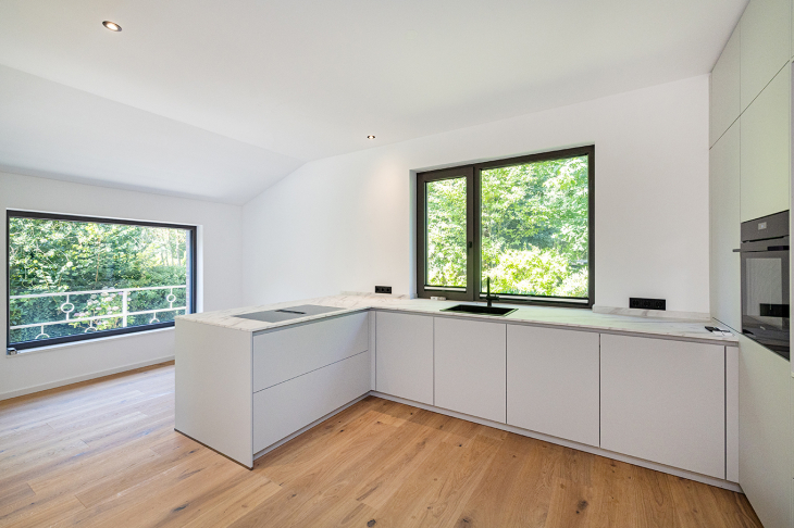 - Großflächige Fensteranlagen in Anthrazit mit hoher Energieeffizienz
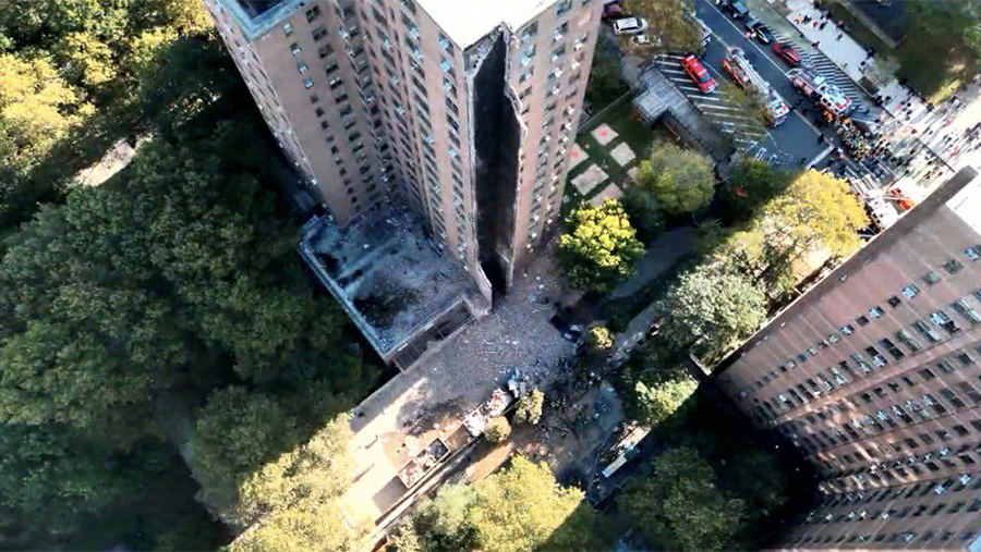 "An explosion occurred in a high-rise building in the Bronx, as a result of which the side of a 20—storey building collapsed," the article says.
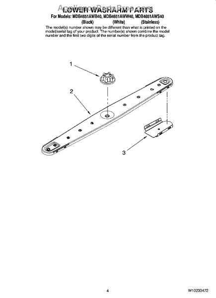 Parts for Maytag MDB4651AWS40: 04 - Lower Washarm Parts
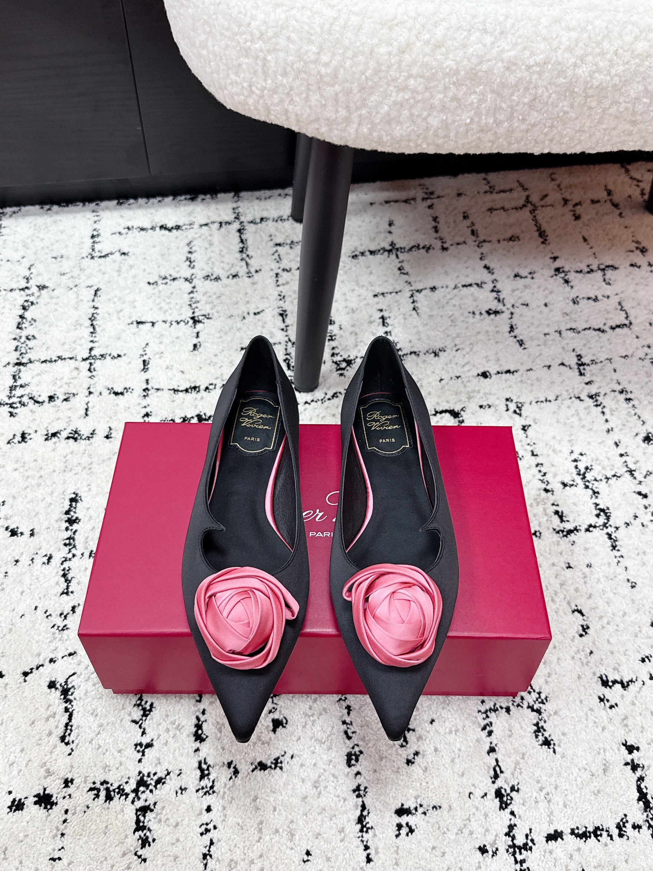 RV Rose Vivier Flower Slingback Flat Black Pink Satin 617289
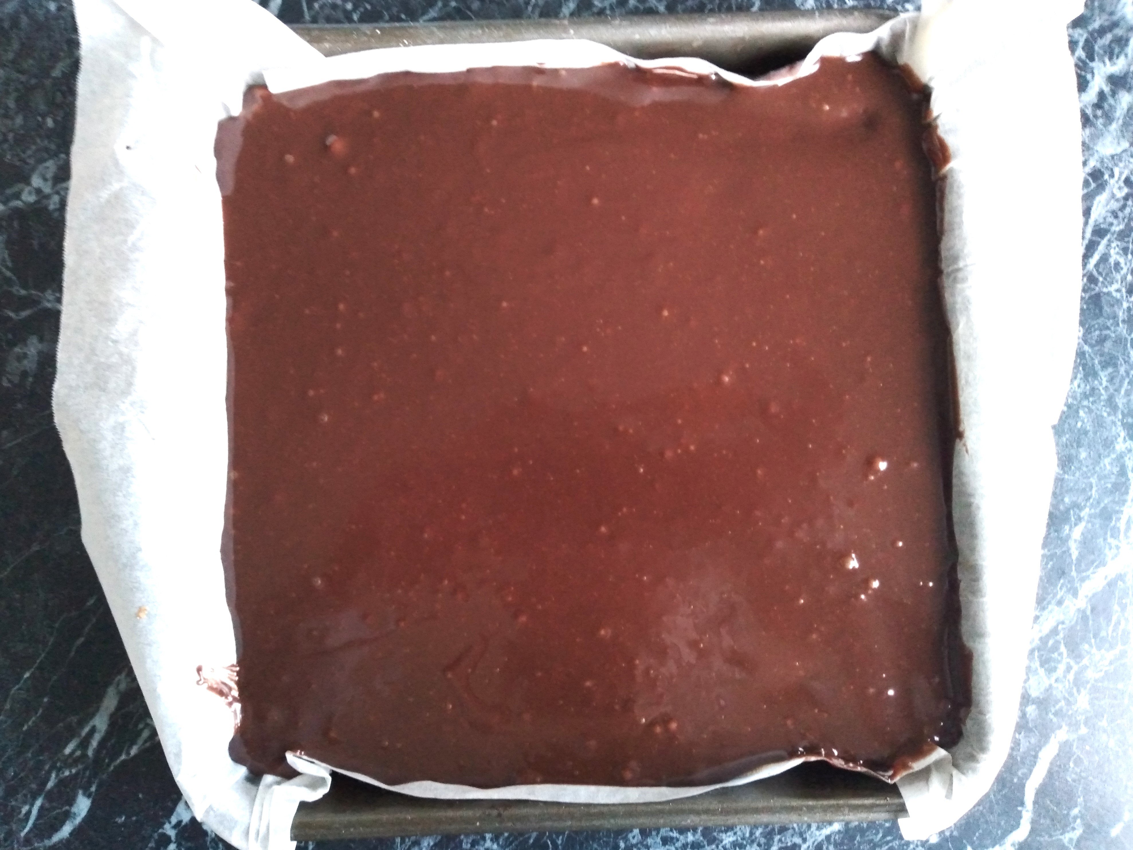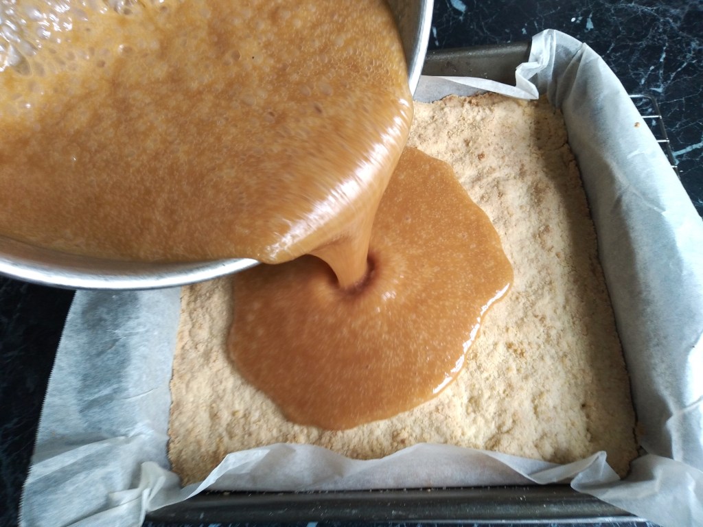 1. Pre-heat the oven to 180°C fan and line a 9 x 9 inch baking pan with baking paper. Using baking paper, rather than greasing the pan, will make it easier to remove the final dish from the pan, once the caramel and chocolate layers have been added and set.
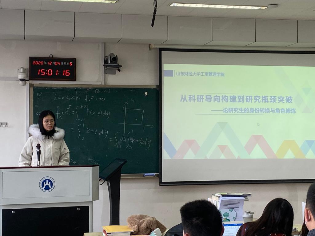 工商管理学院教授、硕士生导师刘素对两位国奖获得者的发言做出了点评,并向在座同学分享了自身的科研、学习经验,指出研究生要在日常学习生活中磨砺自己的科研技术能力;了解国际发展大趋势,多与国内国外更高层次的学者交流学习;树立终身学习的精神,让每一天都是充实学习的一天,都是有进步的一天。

--------

Requirement> Lines from the one that holds "the article says." through the final line of the material are to be duplicated exactly; no pictures belong in the copy.

Result of the task>
 "An explosion occurred in a high-rise building in the Bronx, as a result of which the side of a 20—storey building collapsed," the article says.
 Parts for Maytag MDB4651AWS40: 04 - Lower Washarm Parts
 RV Rose Vivier Flower Slingback Flat Black Pink Satin 617289
 1. Pre-heat the oven to 180°C fan and line a 9 x 9 inch baking pan with baking paper. Using baking paper, rather than greasing the pan, will make it easier to remove the final dish from the pan, once the caramel and chocolate layers have been added and set.
 工商管理学院教授、硕士生导师刘素对两位国奖获得者的发言做出了点评,并向在座同学分享了自身的科研、学习经验,指出研究生要在日常学习生活中磨砺自己的科研技术能力;了解国际发展大趋势,多与国内国外更高层次的学者交流学习;树立终身学习的精神,让每一天都是充实学习的一天,都是有进步的一天。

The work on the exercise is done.